• **Material provided**
※

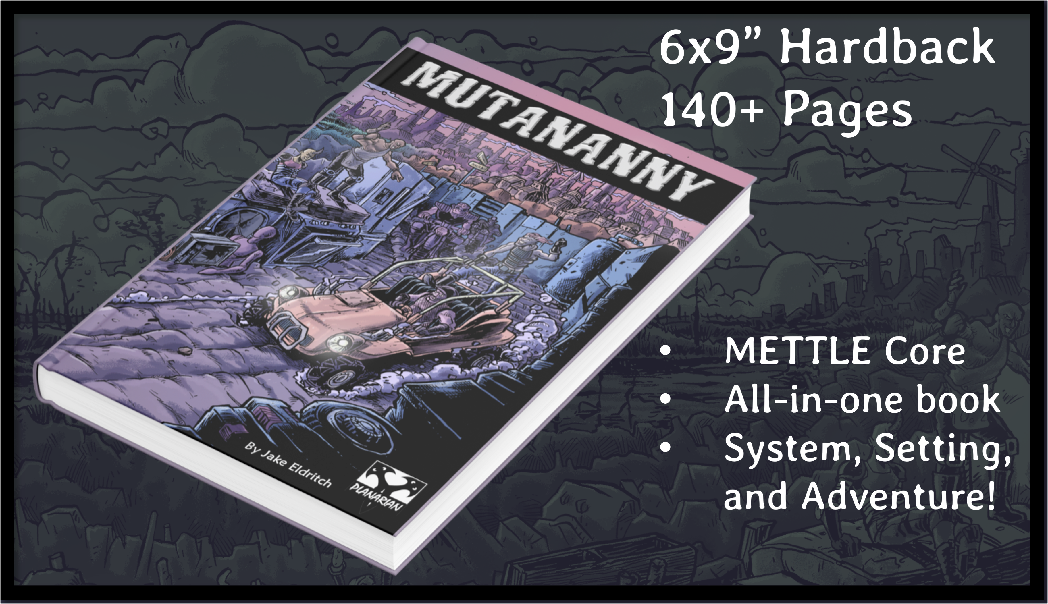 Feature-complete and currently in editing, the fully playable version of MUTANANNY is 140+ pages in 6” x 9” trade book format. This game runs on METTLE Core, a hybrid d6 dice pool system that prompts for dramatic twists on failed rolls. You can't lose, this game is all but ready to go!
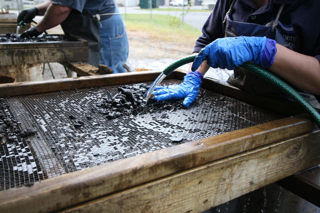 过去的这一周监控文物保护工作人员在过去10周内开始筛选从炮塔内部取出的固结和腐蚀产物(见主页上以前的帖子和视频链接)。与任何考古挖掘一样,我们希望确保即使是小物件和碎片也能被发现,以供未来的研究和解释。也就是说,我们选择使用一种叫做湿筛的方法。在这种技术下,不同尺寸的材料类型被分离出来,同时由稳定的水流冲刷,以去除松散的沉积物和铁锈。额外的清洗使小工件的识别更容易,并加快了整个筛选过程。
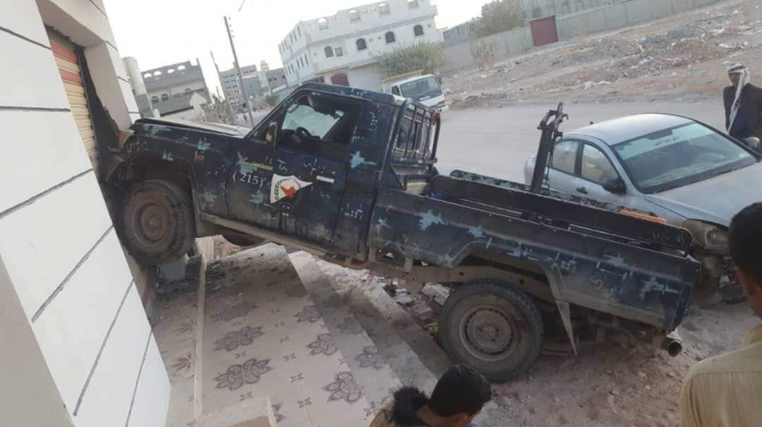 في واقعة غريبة، اصطدم طقم عسكري تابع لسلطات الإخوان الإرهابية في محافظة شبوة بجدار أحد مكاتب العقارات بمدينة عتق.
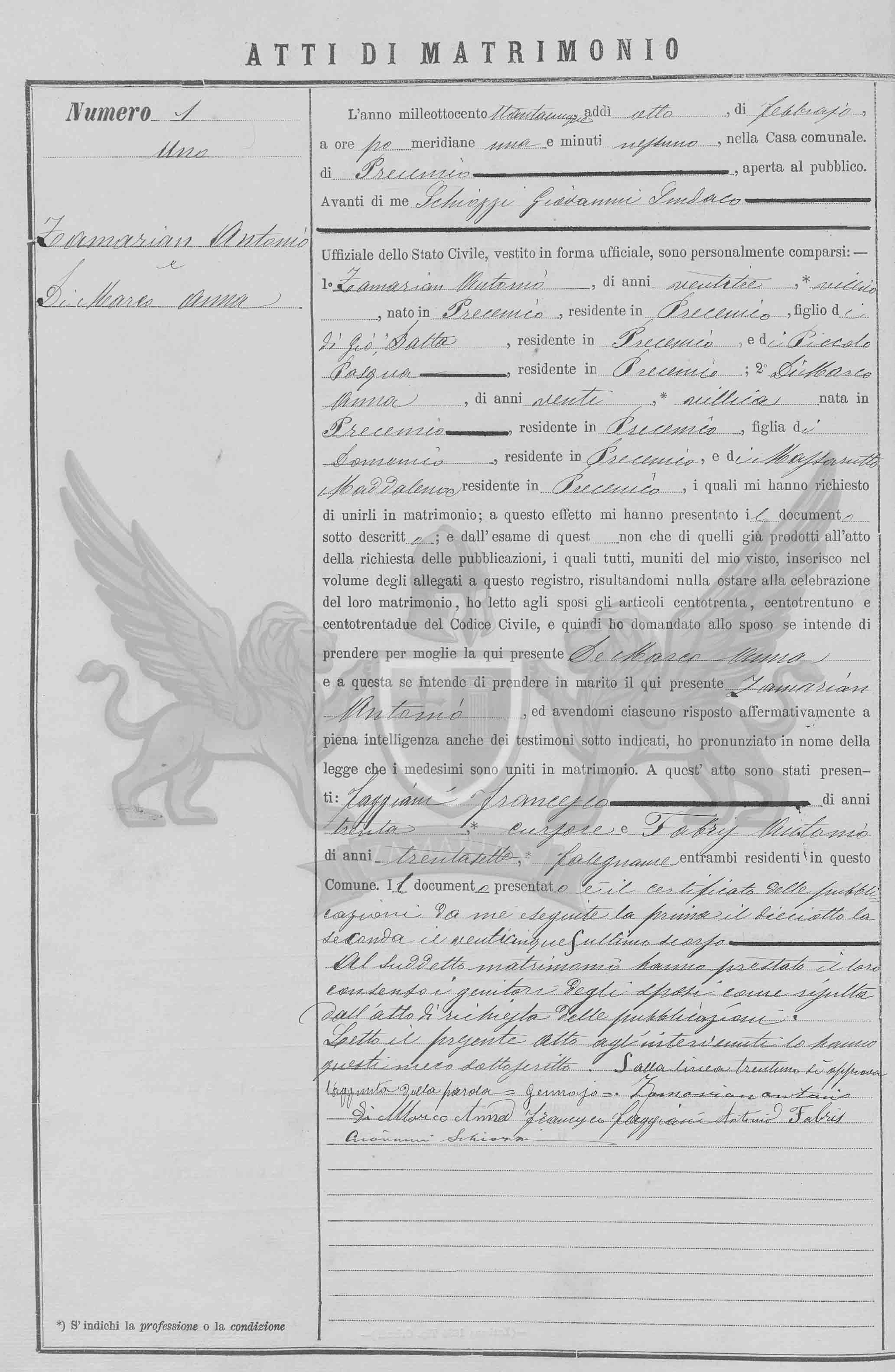 Diante de mim Peliozzi Giovanni Síndico Oficial do Registro Civil, vestido em forma oficial, compareceram pessoalmente: 1º Zamarian Antonio de vinte e três anos, camponês, nascido em Precenicco, residente em Precenicco, filho de Gio Batta, residente em Precenicco, e de Piccolo Pasqua, residente Precenicco; 2º Di Marco Anna de vinte anos, camponesa nascida em Precenicco, residente em Precenicco, filha de Domenico, residente em Precenicco, e Massarutto Maddalena, residente em Precenicco, os quais me pediram para uni-los em matrimônio; a este efeito me apresentaram o documento abaixo descrito; e do exame deste também daqueles já produzidos no ato do requerimento das publicações, os quais todos munidos do meu visto, inseridos no volume dos anexos a este registro, resultando-me nada a impedir à celebração deste matrimônio, eu li aos nubentes os artigos cento e trinta, cento e trinta e um e cento e trinta e dois do Código Civil e então perguntei ao nubente se intende de tomar por mulher a aqui presente De Marco Anna e a esta se entende de tomar por marido o aqui presente Zamarian Antonio, e havendo-me cada um respondido de maneira afirmativa em plena inteligência inclusive para as testemunhas sub indicadas , pronunciei em nome da lei que os referidos foram unidos em matrimônio. A este ato se apresentaram: Faggiani Francesco de trinta, cursor e Fabris Antonio de trinta e sete anos, marceneiro ambos presentes residentes neste Município.
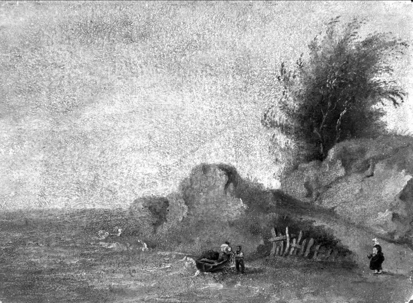 Paesaggi: marina. Figure: pescatori; donna. Oggetti: barca
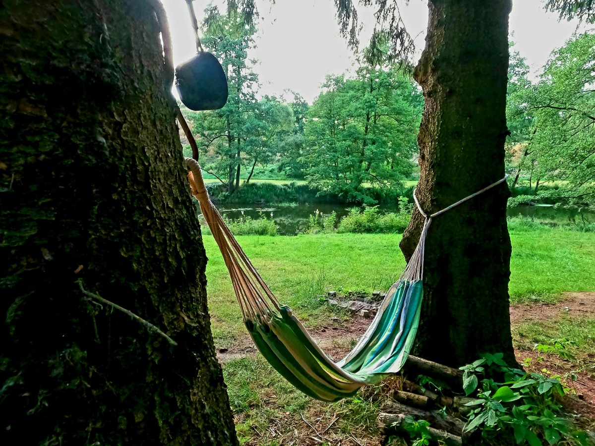 Pro trávení volného času si vedle maringotky Filip nainstaloval hamaku
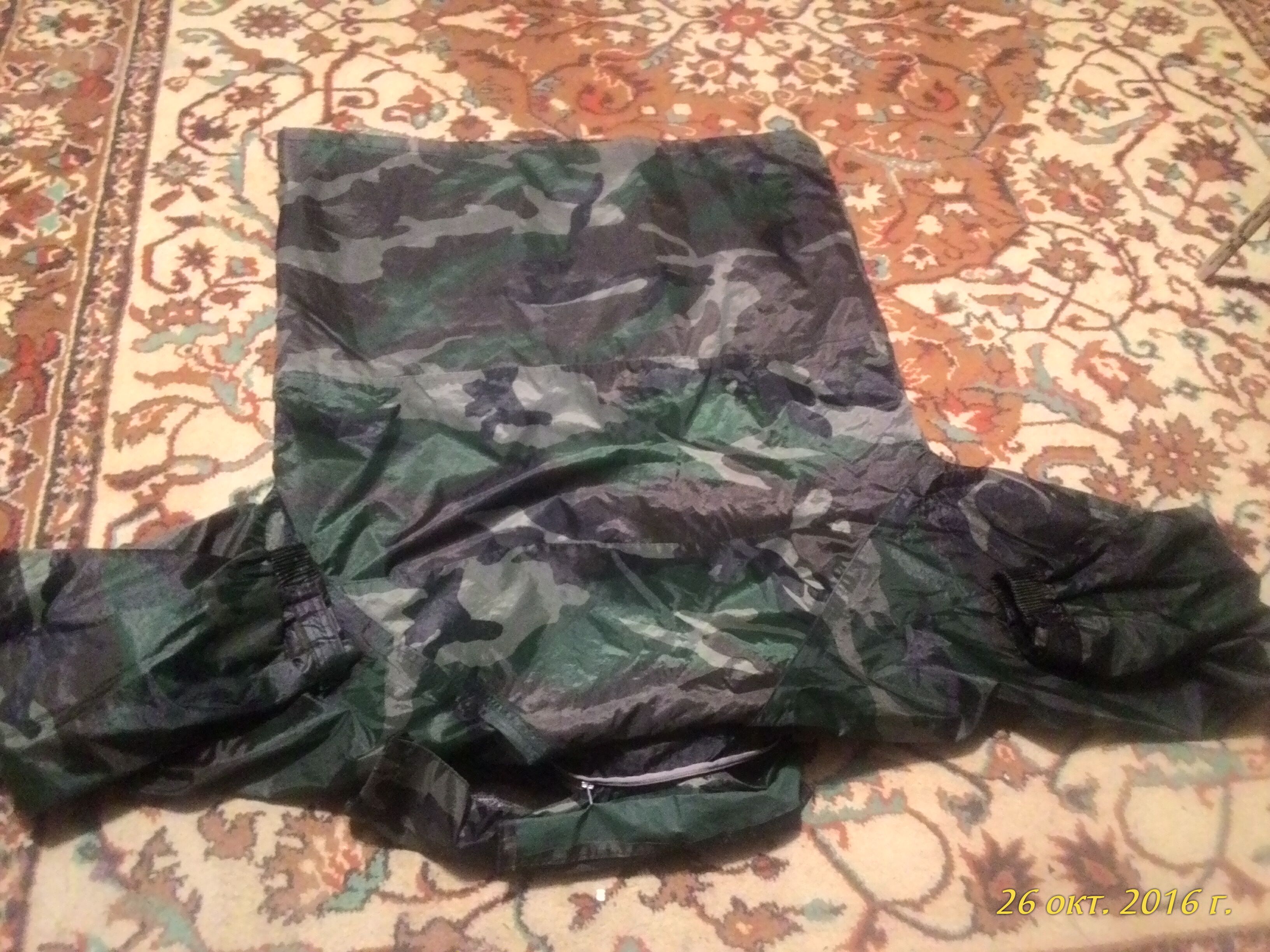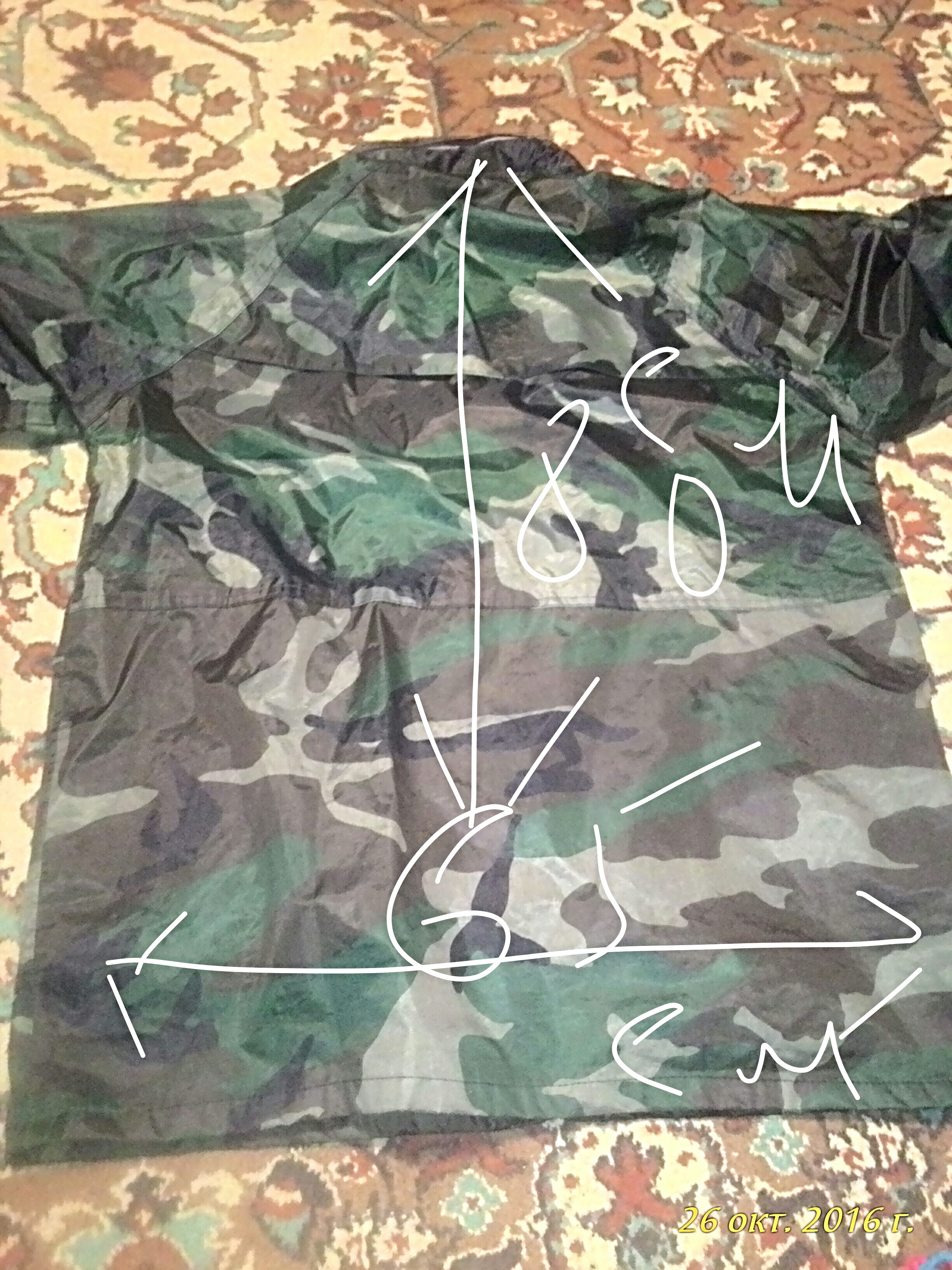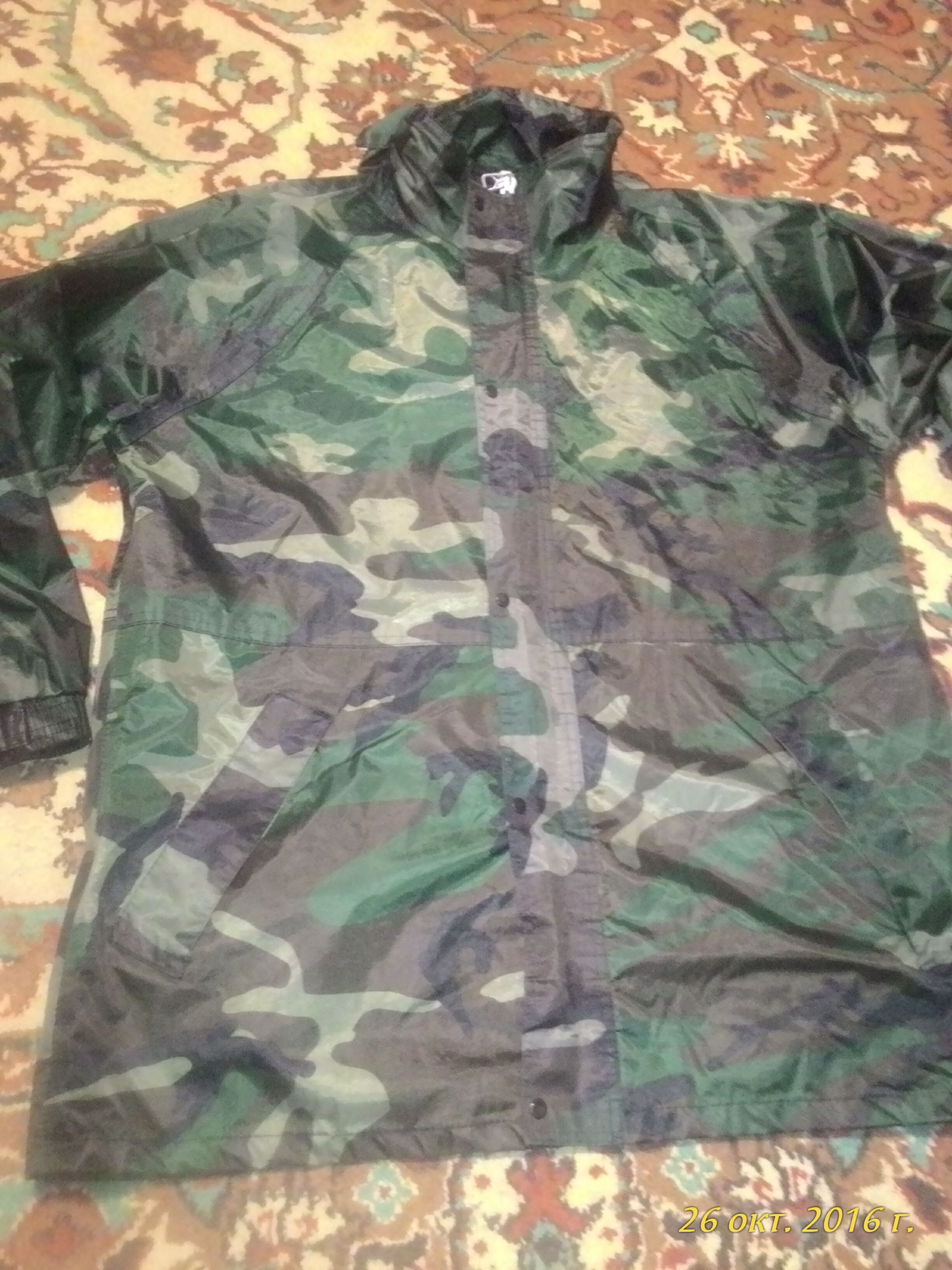 Ветро,водо не проницаема,капюшон есть,(прячется в воротник)два боковых кармана с водо не проницаемыми клапанами,рост4~5,размер до 62,по рукаву 76см,остальные мерки по фото.манжеты рукавов регулируются липучками,застежка ветровки состоит из молнии и клапана по всей длинне на кнопках,цена 1200руб

※

• **What you are asked to do**
Starting at the line that contains "Paesaggi: marina. Figure: pescatori;" and ending at the line that contains "Pro trávení volného", transcribe the material above exactly, excluding pictures.

• **Completed task**
 Paesaggi: marina. Figure: pescatori; donna. Oggetti: barca
 Pro trávení volného času si vedle maringotky Filip nainstaloval hamaku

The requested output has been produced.